Checking the licenses of your open source dependencies is important. But the necessary collection is something, that you don't want to do again for each project. To simplify this, codecentric collects a central list of licenses that can be used for specific purposes. This list is provided as an external configuration file for the kontrolilo which can be used by pre-commit.
This repository does not contain any legal advice which licenses can be used for which purposes. Please check the list before using it. You have been warned.

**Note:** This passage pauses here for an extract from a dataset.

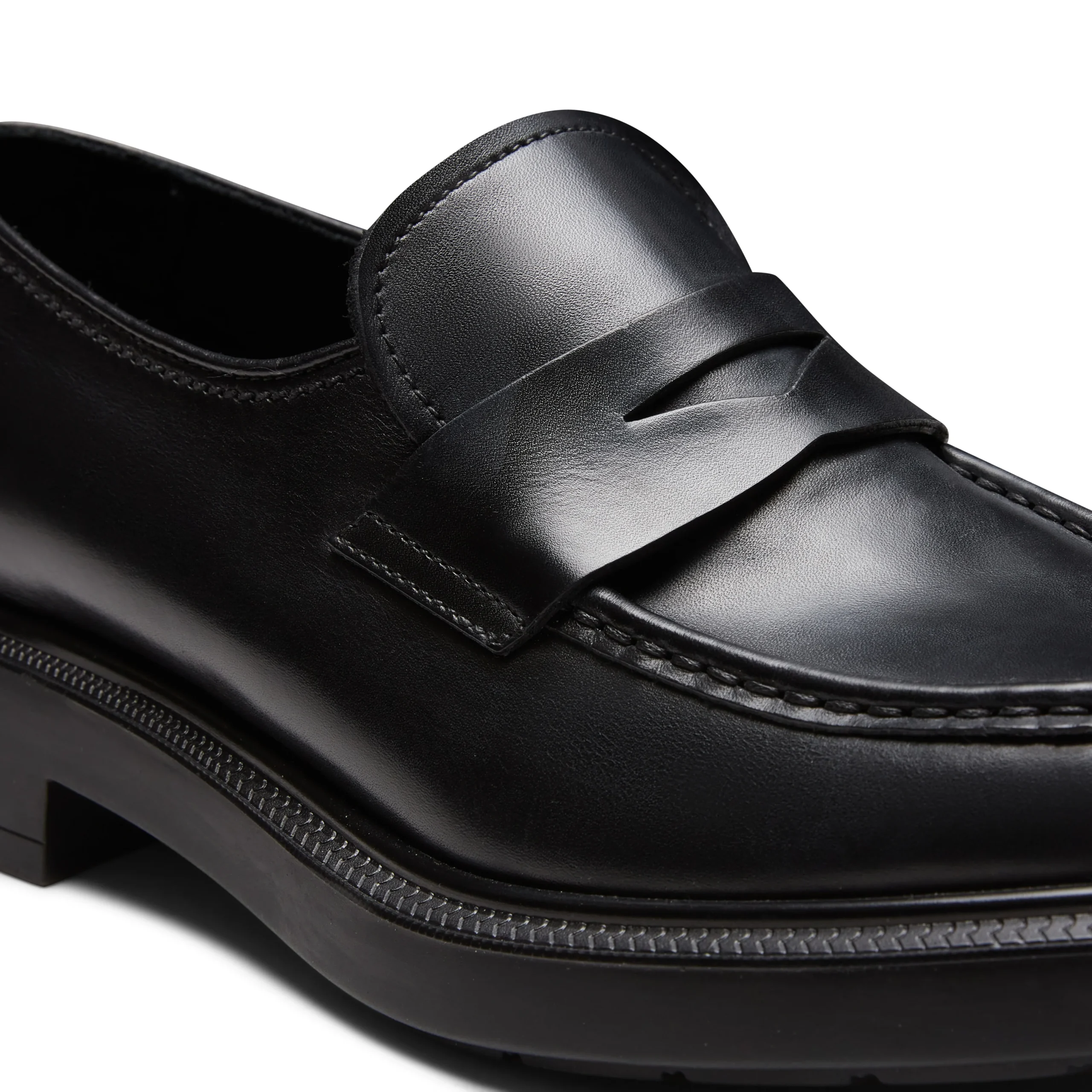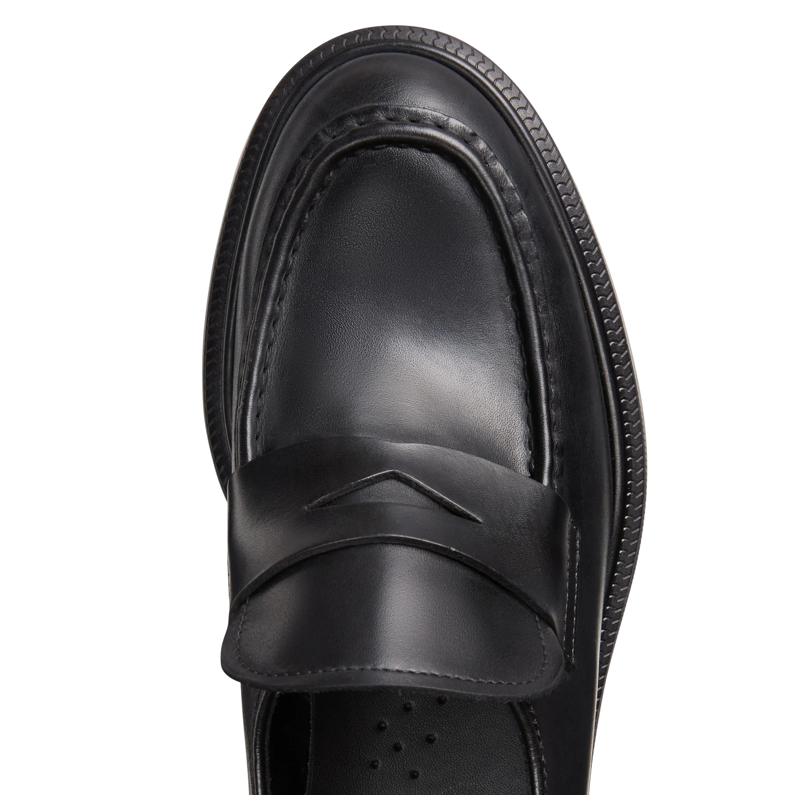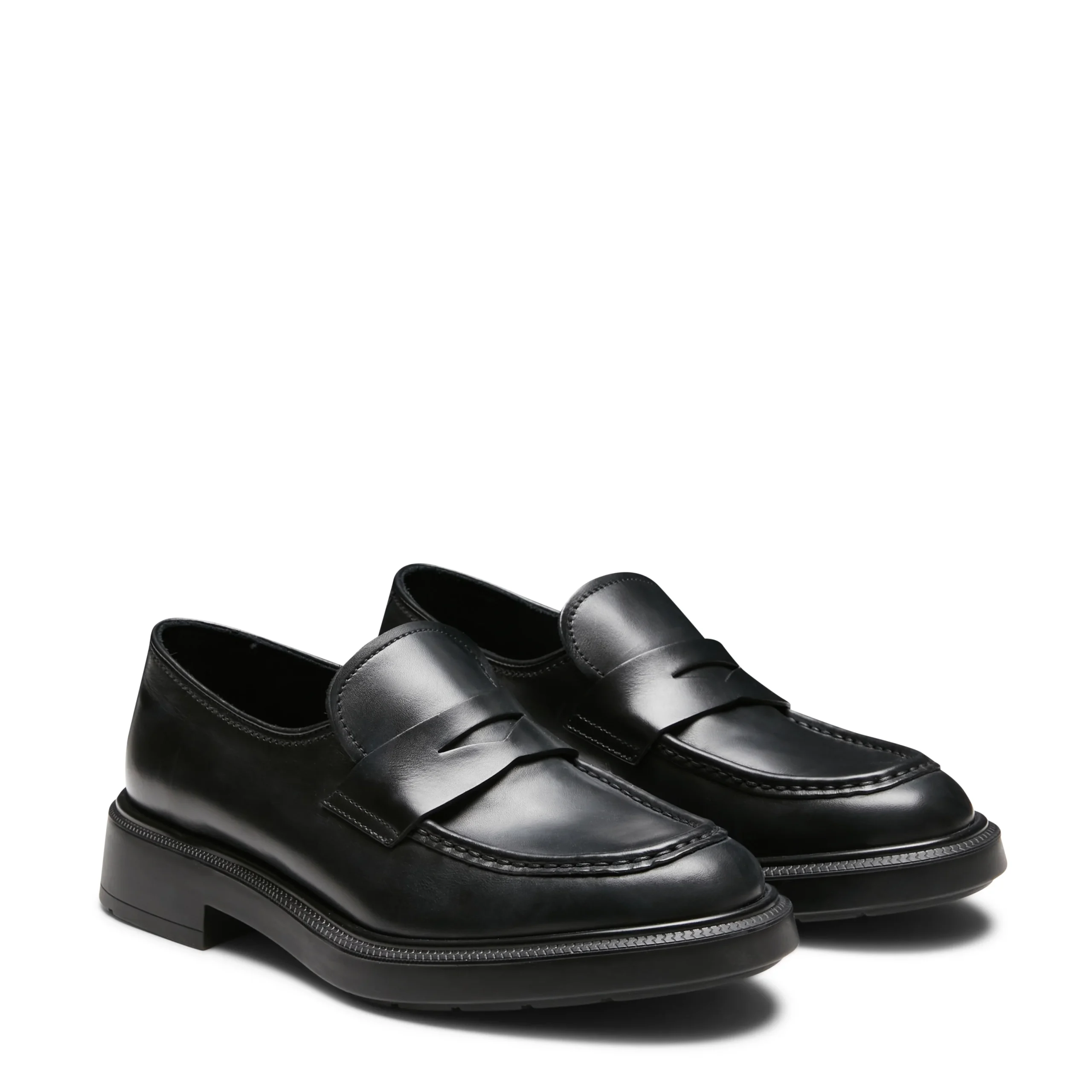 Mocassino con fascetta realizzato in morbida pelle liscia nera con leggero effetto anticato. Caratterizzato da un look maschile ed essenziale, ispirato alla tradizione anglosassone. La suola in gomma leggera e resistente assicura comfort, rendendo questa calzatura funzionale e versatile.

To use this make sure, you have pre-commit installed.
When setting a new project, create a new file called .pre-commit-config.yaml that contains at least the following hooks:
---
repos:
- repo: https://github.com/kontrolilo/kontrolilo
rev: v2.0.0
hooks:
- id: license-check-configuration-lint
- id: license-check-gradle
- id: license-check-maven
- id: license-check-npm
- id: license-check-pipenv
Afterwards, you can setup your local git hooks using:
pre-commit install
From now on, alle your git commits will be checked locally with the configured hooks.
To use the external license list, create a file .license-check.yaml next to your package manager file:
---
include:
- url: https://raw.githubusercontent.com/codecentric/license-check-configuration/main/commercial-use/$FILE
Replace $FILE with the file for your supported package manager according to this table:
| Package Manager | Package Manager File | $FILE |
|---|---|---|
| npm | package.json |
license-check-npm.yaml |
| pipenv | Pipfile |
license-check-python.yaml |
If you want to update the list of allowed license, please edit the corresponding configuration file and submit a pull request.